Welcome to “Bomb Squad,” a recurring column that takes a closer look at a movie that tanked at the box office and tries to figure out what happened.
The first four installments of the “Scary Movie” series brought in combined more than $800 million worldwide. The latest sequel, “Scary Movie 5,” won’t add a lot more to that tally, collecting a disappointing $14.2 million in its first weekend. Who should we blame for this comedy’s commercial nosedive? Let’s take a look at some possible theories and then come up with our verdict…
Theory No. 1: Nobody cares about the “Scary Movie” franchise anymore.
The first “Scary Movie” came out 13 years ago, becoming one of that year’s Top 10 grossing films.
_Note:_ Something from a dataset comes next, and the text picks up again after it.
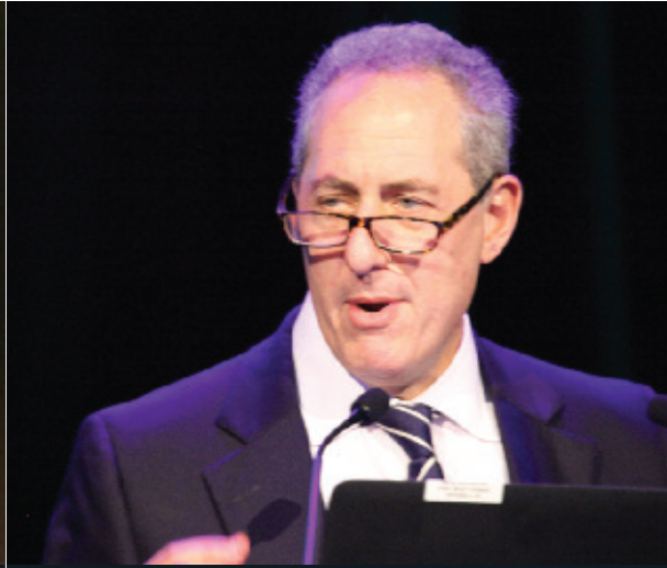
Froman defends WTO p10

Along the way, the series helped revitalize the spoof genre at the box office — “Scary Movie” co-writers Jason Friedberg and Aaron Seltzer have gone on to make the low-budget hits “Epic Movie” and “Meet the Spartans” — but these films haven’t cast such a large shadow over the landscape that audiences felt like they couldn’t see other jokey, juvenile pop-culture satires before they checked out the latest “Scary Movie” sequel. Plus, the seven years between “Scary Movie 4” and “Scary Movie 5” didn’t make viewers realize how much they missed the franchise. They just went ahead and saw other movies like it.
Theory No. 2: “A Haunted House” stole their mojo.
“Scary Movie” was the brainchild of the Wayans family — specifically Keenan Ivory, Shawn and Marlon. By the time of “Scary Movie 3,” most of the original creators had moved on, but it’s worth noting that Marlon Wayans returned to the horror-mocking genre with this year’s “A Haunted House,” which took aim at the “Paranormal Activity” franchise. Despite horrendous reviews and very little advance hype, “A Haunted House” was a modest hit during the dregs of January. Did viewers feel like they could skip “Scary Movie 5” after watching “A Haunted House”? It’s entirely possible.
Theory No. 3: Nobody from the old “Scary Movie” films bothered showing up for this one.
Beyond the absence of the Wayans, “Scary Movie 5” was also perhaps hurt by the fact that none of the recognizable stars of the earlier movies signed up for this new sequel. That meant no Anna Faris or Regina Hall, the real mainstays of this franchise. Sure, “Scary Movie” veterans Simon Rex and Charlie Sheen were in the new movie, but you couldn’t shake the feeling that the producers were hoping audiences would check out “Scary Movie 5” mostly because it was another “Scary Movie” movie.
Theory No. 4: Even the stunt casting was uninspired.
The “Scary Movie” series has never relied on strong reviews, which is good because they never get any. Instead, the movies have tried to milk positive word-of-mouth, built in part on the films’ use of oddball or eyebrow-raising casting choices. They’ll bring in Carmen Electra or Dr. Phil or Shaq just for the total randomness of it, but “Scary Movie 5” struck out by banking on viewers’ interest in seeing Charlie Sheen and Lindsay Lohan do a very unfunny parody of their tabloid lives as part of a “Paranormal Activity” sendup. The stunt casting didn’t seem particularly “shocking” or inspired, and so it couldn’t do much to generate buzz for the film’s release.
It makes little sense to blame the drab box office of “Scary Movie 5” on its lack of artistic quality. Every movie in this series has been hit-or-miss, and yet three of the five grossed more than $40 million in their opening weekend, each of those earning more than $90 million during their U.S. run. No, it seems like “Scary Movie 5” misfired because it failed to get fans sufficiently excited for the franchise’s return after being gone so long from theaters. With “A Haunted House” (and even “Movie 43”) already out this year, we’ve had plenty of spoof and/or sketch-based comedy films in recent months. The producers probably assumed that their brand was strong enough that viewers would accept no substitute. As the so-so grosses suggest, that’s no longer a wise assumption to make.